Supporting our work with arborists, GreenBlue were proud to sponsor the 2018 Arb Association Conference “Soils & Trees” held on the stunning campus of the University of Exeter in Devon County, UK.
GreenBlue Urban has always advocated the value of the right soil specification for our ArborSystem and ArborFlow SUDs / LID tree pits. Indeed, our whole protocol is to ensure that the soil under paved surface around trees is not compromised through excessive compaction. At this conference, we heard a variety of approaches addressing the key subtopics of: Natural Environment, Landscape, Engineered Solutions, Collaboration and The Way Forward.
Delegates were given an insight into the implications of pollution and nitrogen on mycorrhizas from Dr Martin Bitardtando and the final presentation of day one, given by Richard Smith from the Environment Agency, highlighted that critical relationship between soil compaction and water management. The more we are compacting our soils, the less able we are to mitigate against flood risk in both rural and urban settings.
Day two focused on species selection, soil specification and engineered systems. Dr Andy Hirons, Simon Toomer and Professor Andreas Roloff, provided their own unique perspectives on species selection for the built environment.
Working with historic cities in the UK and abroad, it was fascinating to hear from Simon on the relationship between species selection and the ‘sense of place,’ particular to our historic cityscapes. Having experienced working with Bruges for our WRC Interreg European project, we are acutely aware of the need to marry intelligent species selection with the correct root directors, barriers and support systems to ensure that design and vision is not limited in these unique and historic settings.
It was of course, excellent to have an overview from Tim O’Hare with whom we have worked on several occasions. Both Tim O’ Hare associates and GreenBlue Urban were privileged to be involved in the development of the Olympic Park.

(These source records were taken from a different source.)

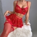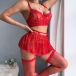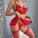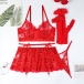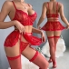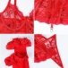 Sexy Floral Embroidered Ruffle Lace Four-piece Lingerie Set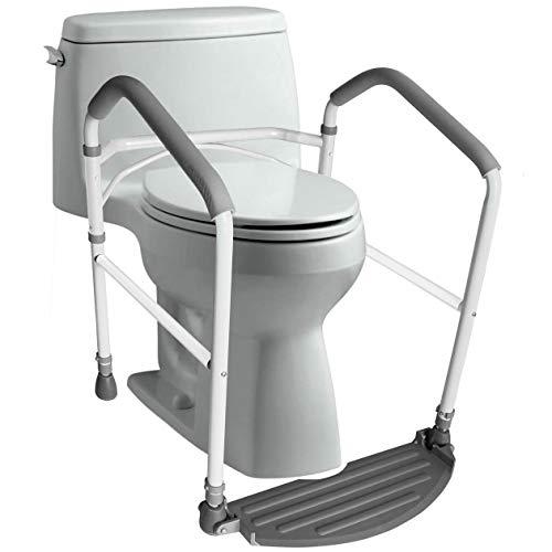 - Fits Most Toilets. Note: Dimensions: 20 width between arms; Height adjustable 28 to 36 inches floor to top of arm (highest point). Height is adjustable to meet your custom needs. Weigh Capacity: 300 LBS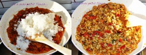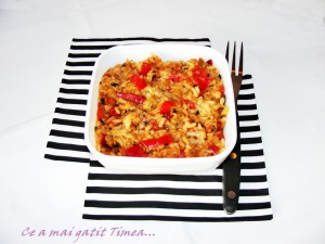 Orezul fiert, scurs de apa il adaugam peste legume si amestecam bine. Daca mai e nevoie mai condimentam.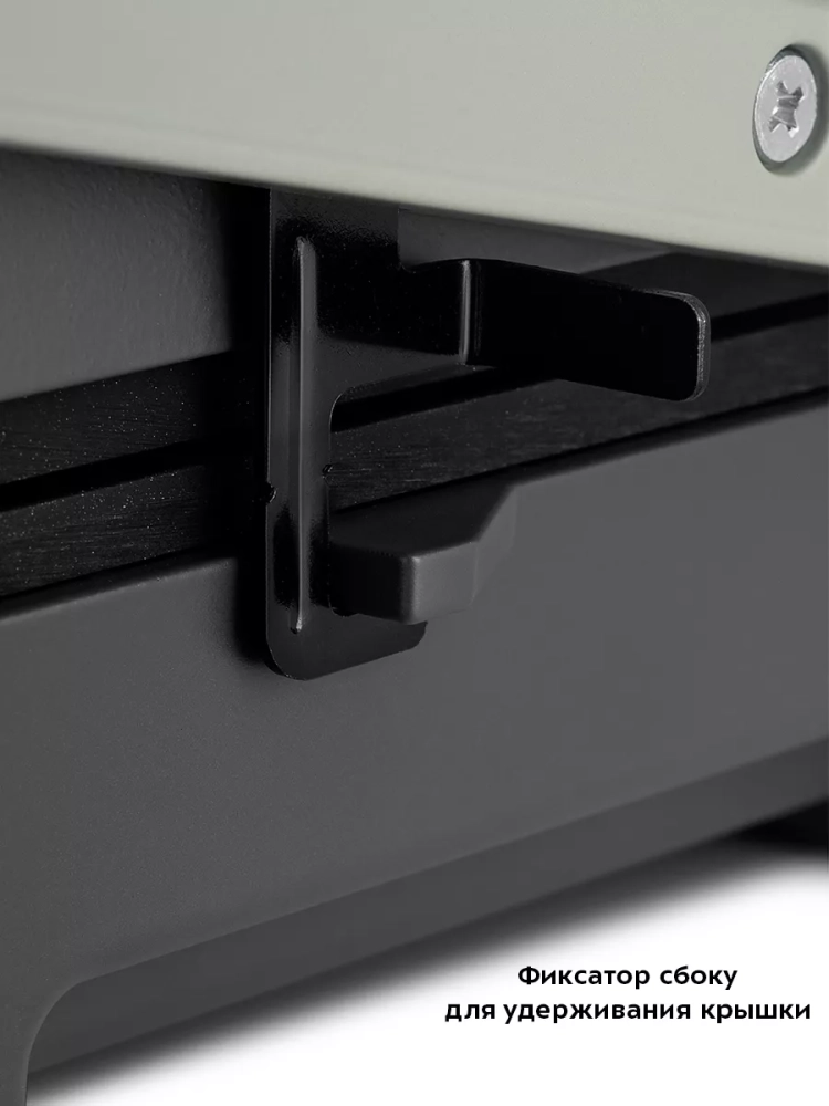 Специальный фиксатор сбоку гриля удерживает крышку в закрытом положении, что делает готовку, транспортировку и хранение более удобными.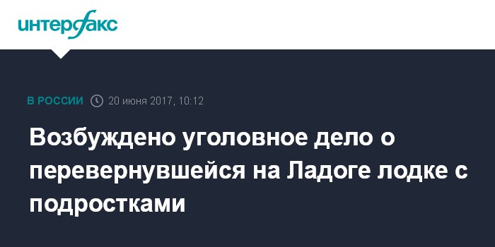 Москва. 20 июня. INTERFAX.RU - Уголовное дело о причинении смерти по неосторожности возбуждено в связи с инцидентом на Ладожском озере, где пятеро подростков перевернулись вместе с лодкой, сообщили в пресс-службе Следственного комитета России.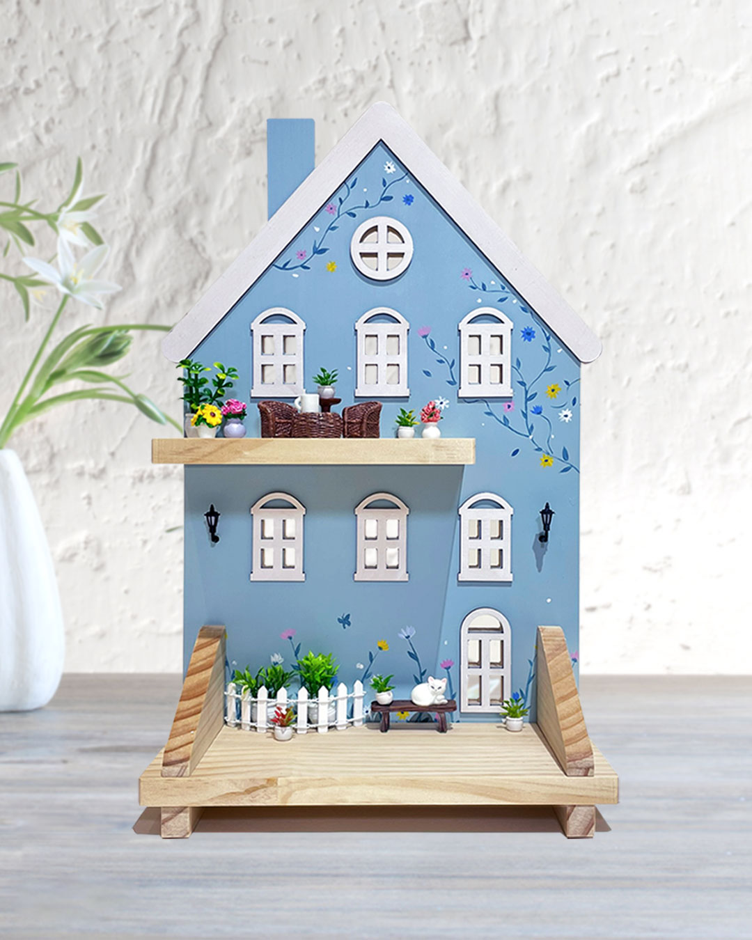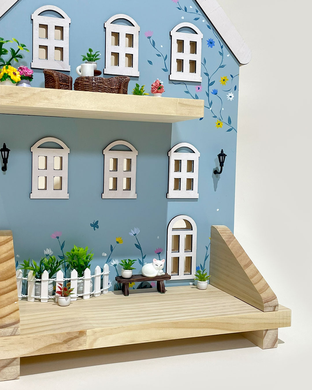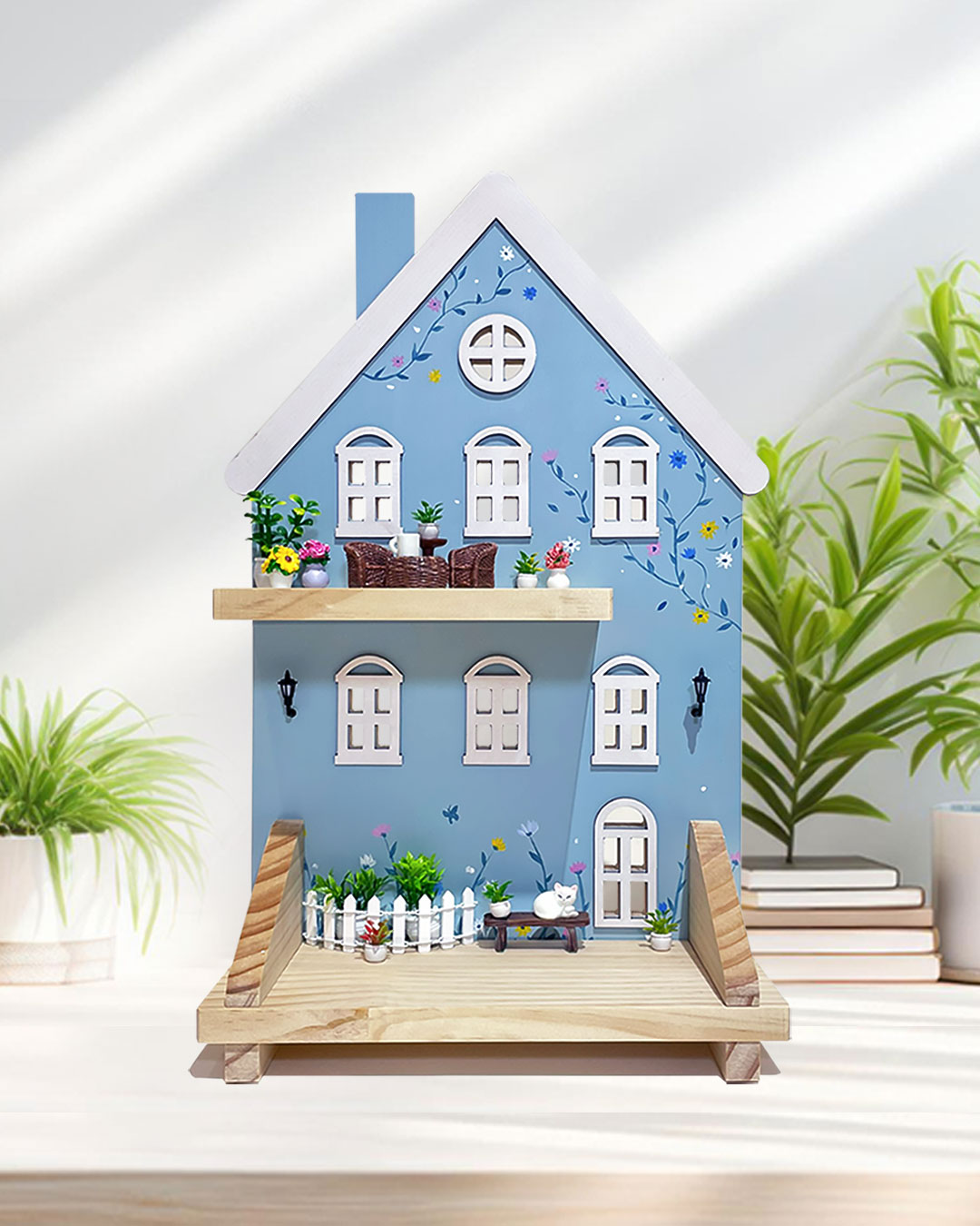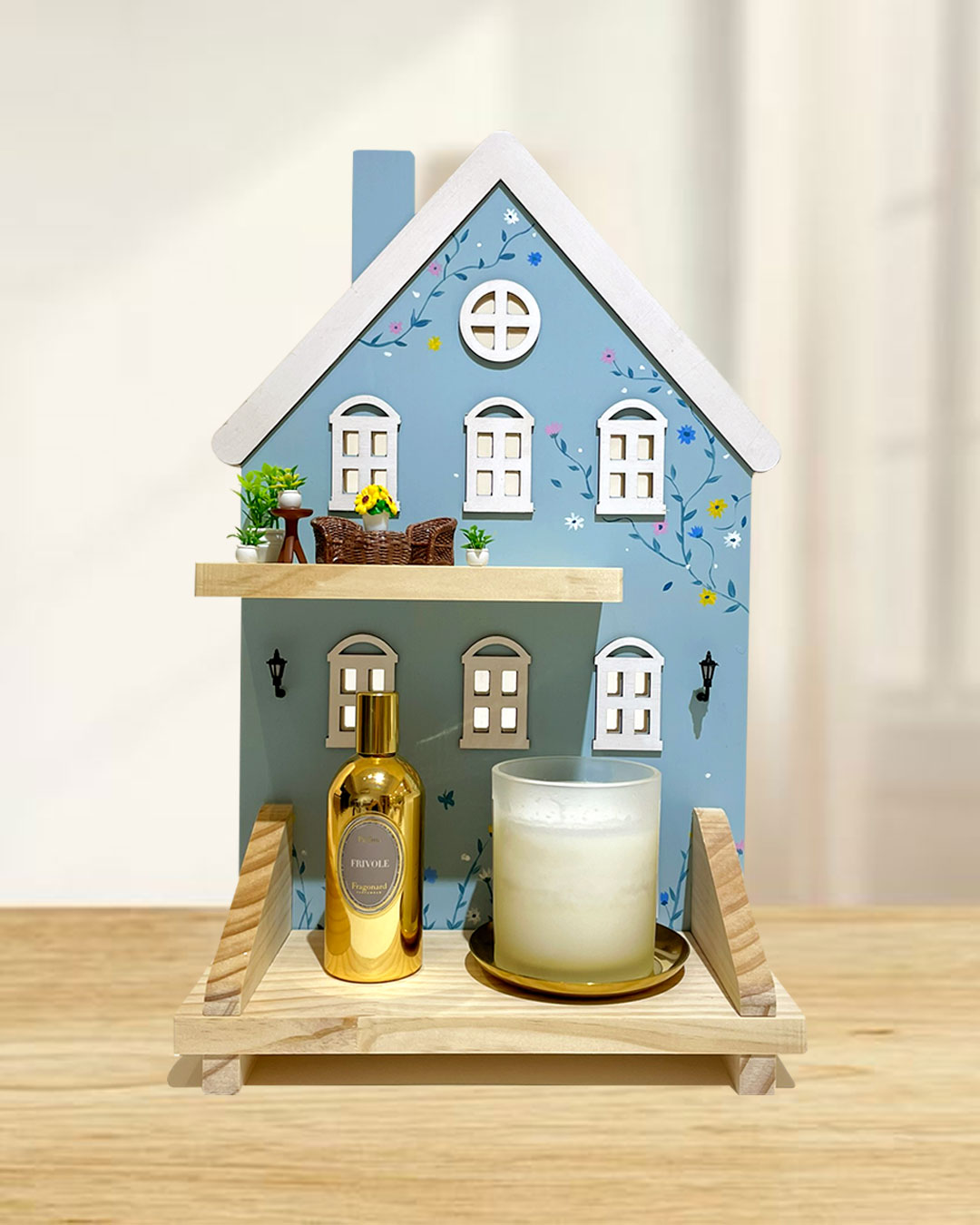房屋造型實木置物架一個(尺寸:23*13*37公分)

In the afternoon, we heard about below ground engineered systems – a topic directly pertinent to us. Keith Sacre from Barchams began the proceedings with a presentation developed in conjunction with Anne Jalzulot and Sue James. It was heartening to see Keith utilise examples of well-established schemes delivered by GreenBlue and we wholeheartedly support his message that following specification and installation correctly is critical to the long-term success of the tree.
Nelda Matheny’s presentation, highlighting the challenges and complexities of determining the cause of tree failure when several premixed soils are used on a development site, was resonant. She made no apologies for the fact that structural soils do not provide the solution to long term tree health. Her evidence base was robust, and she explained that research on the structural soils is still being used in certain countries whose climate, water tables and projected shifts in temperature due to climate change, is outdated and incorrectly applied. We couldn’t agree more.
Bjorn Embren was then afforded the opportunity to present his latest iteration of the Stockholm mix. Again, this structural soil solution is of limited and highly localised application. Whilst it is undoubtedly the case that Bjorn’s focus on porosity is crucial, it is not clear that this latest iteration will be able to deliver on its promise. He provided some images of installations in highways schemes, but it was obvious that for high-quality SUDs and transport infrastructure schemes that can withstand the test of time, an engineered solution would be most appropriate.
For more on this topic please see our detailed publication: Structural Soil vs Soil Cells.
Wendy Batenburg presented the Amsterdam perspective, again using specifically local case studies to make the claim that structural soils have a load bearing capacity for infrastructure projects. Wendy herself highlighted the plethora of risk factors associated with the use and installation of schemes using the Amsterdam structural soil mix. Too wet and you can’t compact it she says. Therein lies the problem… good soil shouldn’t be compacted. She admitted that for years, the results of using this method in the Netherlands has been disappointing. We would concur. Whilst people might think structural soils are easier to use and specify than engineered systems, this couldn’t be further from the truth.
On the final day there was a clear drive to plan for the future. Mark Roberts did well to remind us that over 60 per cent of the world’s population will be living in cities by 2030. There has never been a more important time to think about the forest in an ‘urban setting’ and how arboriculturalists are a critical part of a landscape led approach.
In order to assist with selection of the right species a broader range of insights into solutions for the hard landscape are needed; education is key quality soil has been showcased by our speakers – lets also consider compaction and root management in order for trees to thrive and reach their full potential.